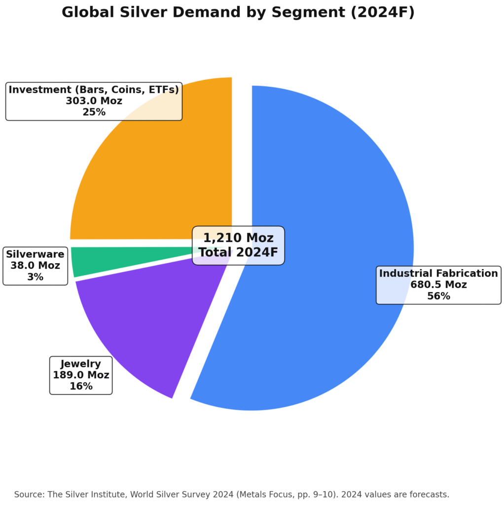 So, 680.5 Moz of global industrial demand in 2024 equals roughly 21,150 tonnes of silver – illustrating how massive the industrial use of the metal has become.
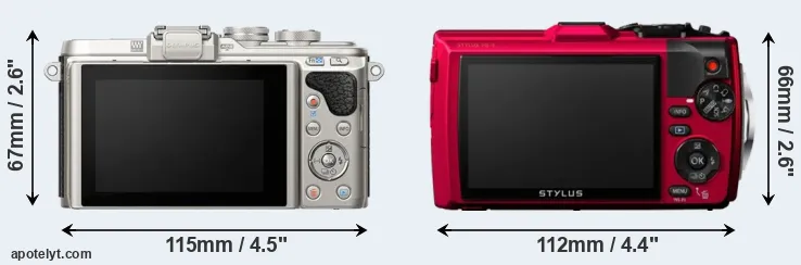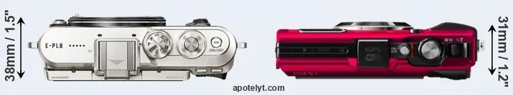 The side-by-side display below illustrates the physical size and weight of the Olympus E-PL8 and the Olympus TG-4. The two cameras are presented according to their relative size. Three consecutive views from the front, the top, and the rear side are shown. All size dimensions are rounded to the nearest millimeter.
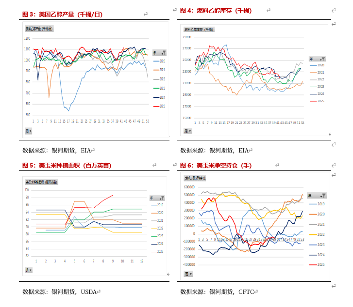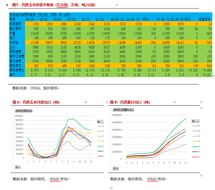 由于10月报告期间恰逢政府停摆,USDA月度数据暂未发布,我们仍以9月报告作为基准。9月USDA报告供应宽松,2025年9月USDA报告全球玉米产量环比减少,但同比增加较多,消费增加。25/26年度9月全球玉米产量预期12.87亿吨,略低于上月12.88亿吨,高于去年同期12.23亿吨,同比增5767万吨。其中饲用玉米消费8.11亿吨,高于去年7.87亿吨,国内总消费12.81亿吨,高于去年的12.49亿吨,预计期末库存2.81亿吨,低于去年的2.84亿吨,库销比21.97%。其中美国产量4.27亿吨,饲用1.55亿吨,食用及工业消费1.77亿吨(乙醇用酒精1.42亿吨),出口7557万吨。巴西产量1.31亿吨,饲用6550万吨,食用工业消费2950万吨,出口4300万吨。阿根廷产量5300万吨吨,出口3700万吨。乌克兰产量3200万吨,出口2550万吨。25/26年度新季玉米产量处于高位,全球供应宽松。
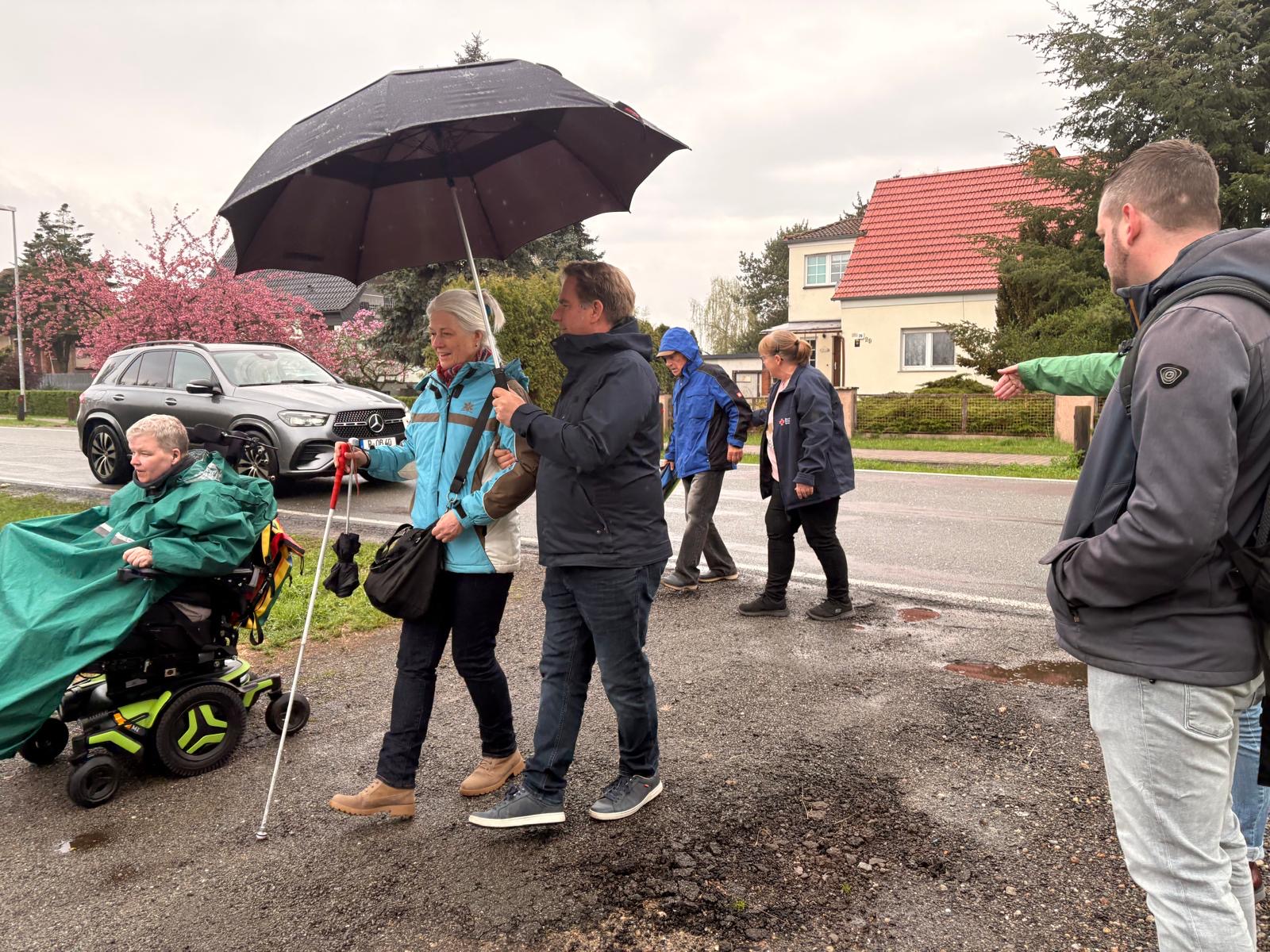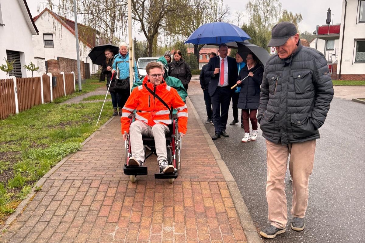 Organisiert wurde der Rundgang von der Behindertenbeauftragten Katrin Tietz und dem „Beirat für Menschen mit Behinderungen“. Ziel: Probleme sichtbar machen, die viele sonst übersehen. Rollstuhl und Blindenstock konnten vor Ort getestet werden.
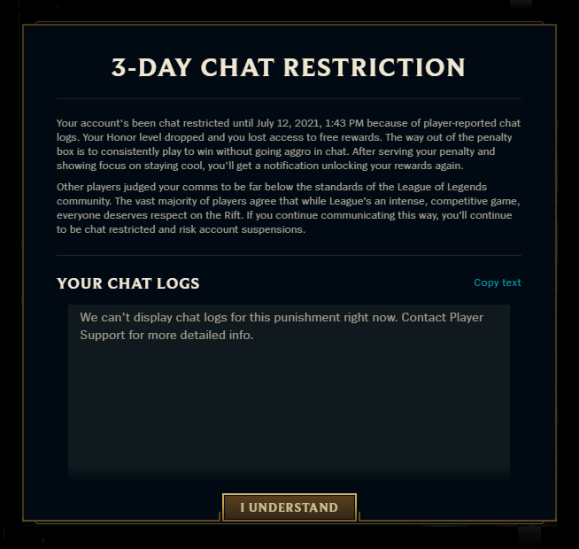 A los jugadores más tóxicos, se les penaliza con días sin poder utilizar el chat o sin poder jugar, desde 3 dias a baneo permanente.
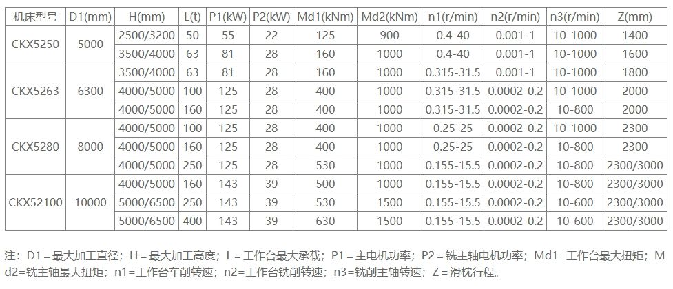 机床规格与技术参数
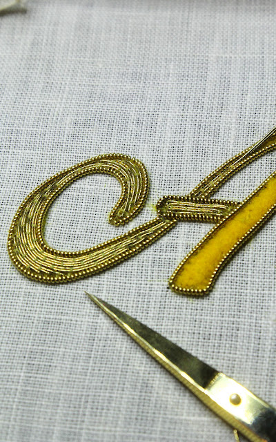 Non ho previsto che sarebbe stato più saggio partire con il couching dalla convessità della curva, anziché dalla concavità, perché avrei ottimizzato il lavoro e limitato l’impatto delle chiusure dei fili oro (dove la punta delle forbici impunemente indica). Non ho poi calcolato che il mio minuzioso e ossessivo riempimento avrebbe ingolfato tutto.
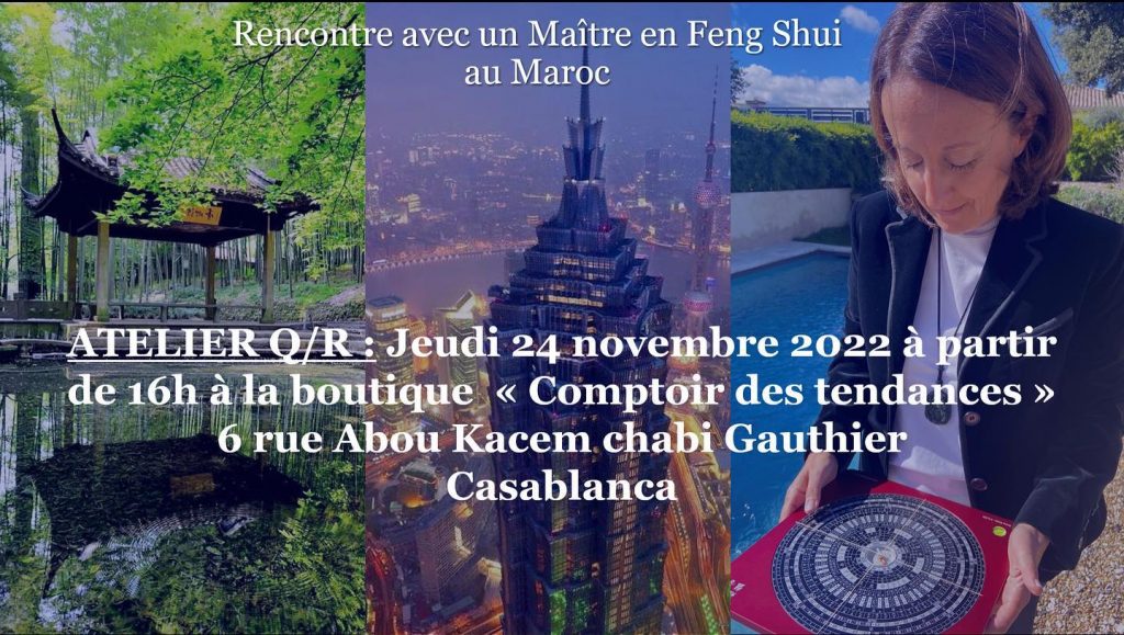 OUVERT À TOUS Le Feng Shui vous intéresse ? Je vous donne rendez-vous pour une rencontre afin d’échanger sur les bienfaits de cette « Science de l’environnement » et de répondre à toutes vos questions. Le Jeudi 24 novembre 2022 à partir de 16h à la boutique « Comptoir des tendances » 6 rue Abou Kacem chabi Gauthier Casablanca […]
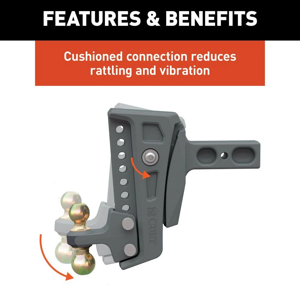 The CURT adjustable trailer hitch mount features an anti-rattle design, promoting a smoother, quieter towing for a more enjoyable ride.
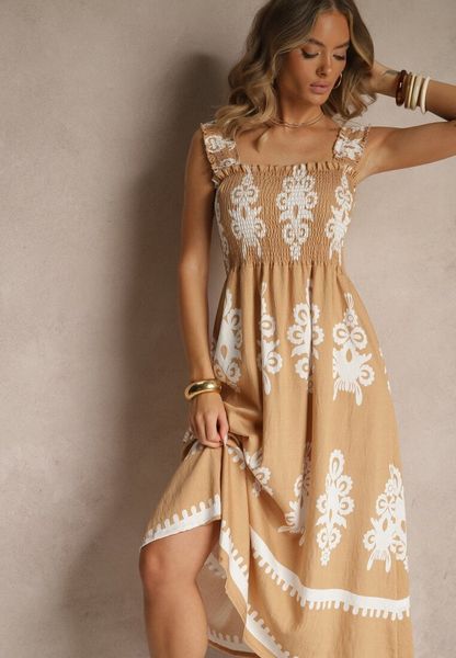 Ciemnobeżowa Rozkloszowana Sukienka z Wiskozy z Ornamentnym Motywem Aloxe
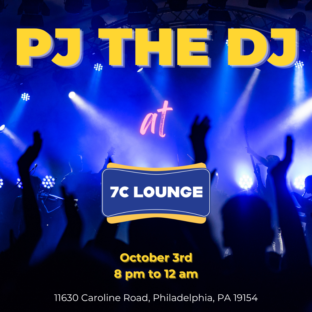 Join us at 7C Lounge for a high-energy set from PJ the DJ, spinning from 8:00 PM to 12:00 AM. Expect great music, a full bar, and a lively crowd—perfect for a weeknight out with friends. Location: 11630 Caroline Road, Philadelphia, PA 19154.
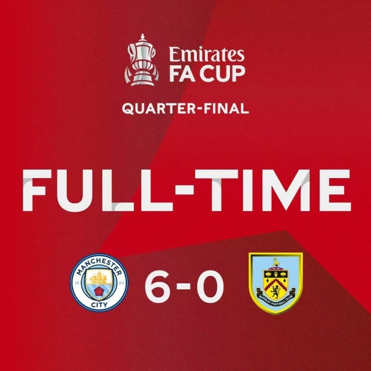 3月19日讯 北京时间3月19日凌晨1时45分,足总杯四分之一决赛,曼城主场迎战伯恩利。上半场,哈兰德梅开二度。曼城半场2-0领先伯恩利。下半场,哈兰德再下一城,随后阿尔瓦雷斯梅开二度,帕尔默也打进一球。最终曼城主场6-0大胜伯恩利,晋级足总杯四强。
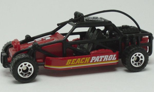 red, black roll cage, black antenna, BEACH PATROL tampo |
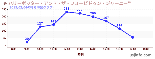 • ハリーポッター・アンド・ザ・フォービドゥン・ジャーニー™$B$N(B2015年02月04日の待ち時間
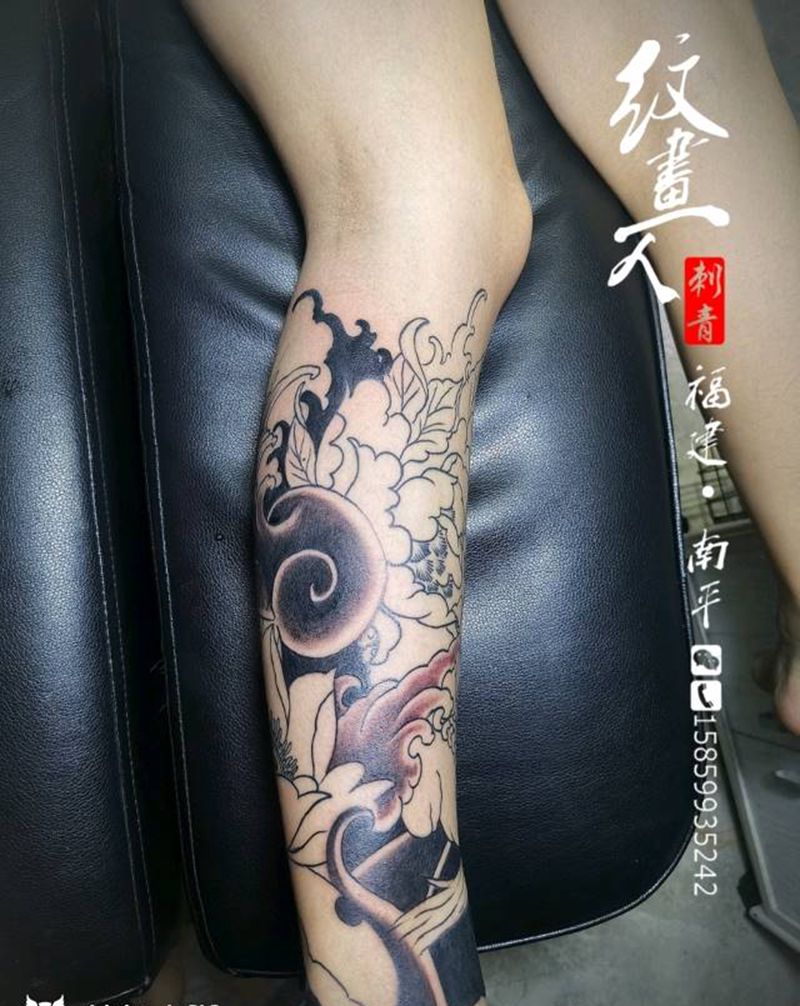 当前位置: 首页 >福建省南平市纹身店-南平纹画人刺青纹身图案>鲤鱼牡丹包小腿 未完成纹身图片_腿部新传统纹身图案
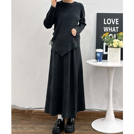 アシンメトリーな裾のデザインが特徴的なニットトップスと、シンプルなロングスカートのセットアップです。トップスはサイドの紐でシルエットを調整でき、様々な着こなしを楽しめます。セットアップで着るのはもちろん、それぞれ単品でも着回しがきくアイテムです。
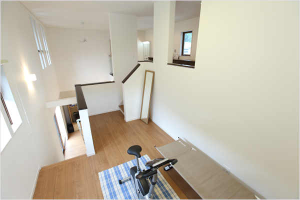 - 中2階はトレーニングスペースとして活用。将来的には読書スペースなど、家族の共有空間にする予定です。
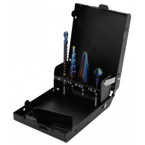 Lépcsős fúró 4 - 12 mm Kézi fúró 8 - 20 mm Marófúró 6 x 90 mm Süllyeszték 12,4 mm Műszaki adatok: Bruttó súly 290 g Blister csomagolásban Igen
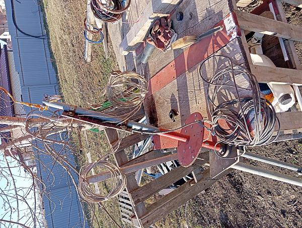 1. Мачта телескоп от р-140(?). Длина 16м. Верхнее колено снято. Была установлена антенна Спайдер. В комплекте поворотка G-250 с проводом управления. Самодельное устройство типа РМ-50. Набор стеклопластиковых распорок для антенны RR-33. Так и не была изготовлена. Оттяжки мачты были самодельные из оцинковки диаметром 4мм. В наличии тоже есть.
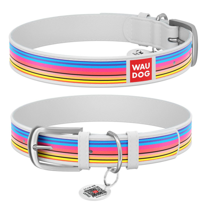 Нашийник WAUDOG Design з малюнком "Лінії 1", преміум шкіра, метал. пряжка, білий L 38-49см
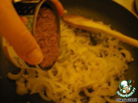 В сковороду с луком добавляем размятые вилкой рыбные консервы вместе с жидкостью. (У меня тунец, очень вкусно так же с лососем, горбушей). Перемешать и готовить около 3 минут.
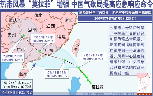 图表:热带风暴“莫拉菲”增强 中国气象局提高应急响应命令 新华社发
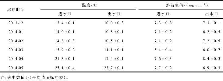 本實驗進行時I司為2013年12月一2014年5月,每月采集濕地水樣,采樣點設置在每個子系統的進水日和出水日,共計6個采樣點。上午11點左右,用連接橡皮管的注射器采集樣品。采樣的同時使用溶解氧儀測定溫度和溶解氧,每個點采集3個重復。水樣采集后放于4℃冰箱保存待測。
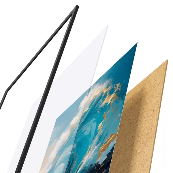 Das Poster besteht aus einem Rahmen, Plexiglas, einem gedruckten Bild und einer Rückwand aus Spanplatten. Dank der Halterungen auf der Rückseite kann das Poster sofort an die Wand gehängt werden.
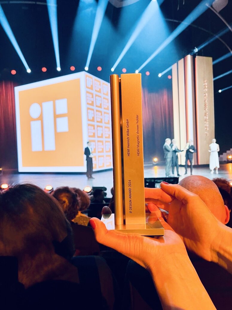 Le nouveau support de douche magnétique HEWI a récemment été honoré dans la catégorie « Salle de bains » par la plus haute distinction que le jury de design puisse décerner : le iF Design Award 2024 Gold. Seules les 75 solutions les plus remarquables parmi les nombreuses soumissions ont été récompensées par la médaille d'or. Le jury de design a souligné à ce sujet : « Jamais auparavant ce prix n'avait été aussi exclusif et précieux que cette année ». Le support de douche magnétique primé a particulièrement convaincu le jury par son maniement simplifié, qui offre un grand confort de douche à toutes les personnes la cérémonie de remise du prix s'est déroulée au Friedrichstadt-Palast à Berlin.

****************

[TASK OBJECTIVE] Within the entries above, give again exactly the lines starting at the one that contains "アシンメトリーな裾のデザイン" and ending at the one that contains "- 中2階はトレーニングスペ", leaving out the pictures.

[SOLUTION TO THIS TASK]
 アシンメトリーな裾のデザインが特徴的なニットトップスと、シンプルなロングスカートのセットアップです。トップスはサイドの紐でシルエットを調整でき、様々な着こなしを楽しめます。セットアップで着るのはもちろん、それぞれ単品でも着回しがきくアイテムです。
 - 中2階はトレーニングスペースとして活用。将来的には読書スペースなど、家族の共有空間にする予定です。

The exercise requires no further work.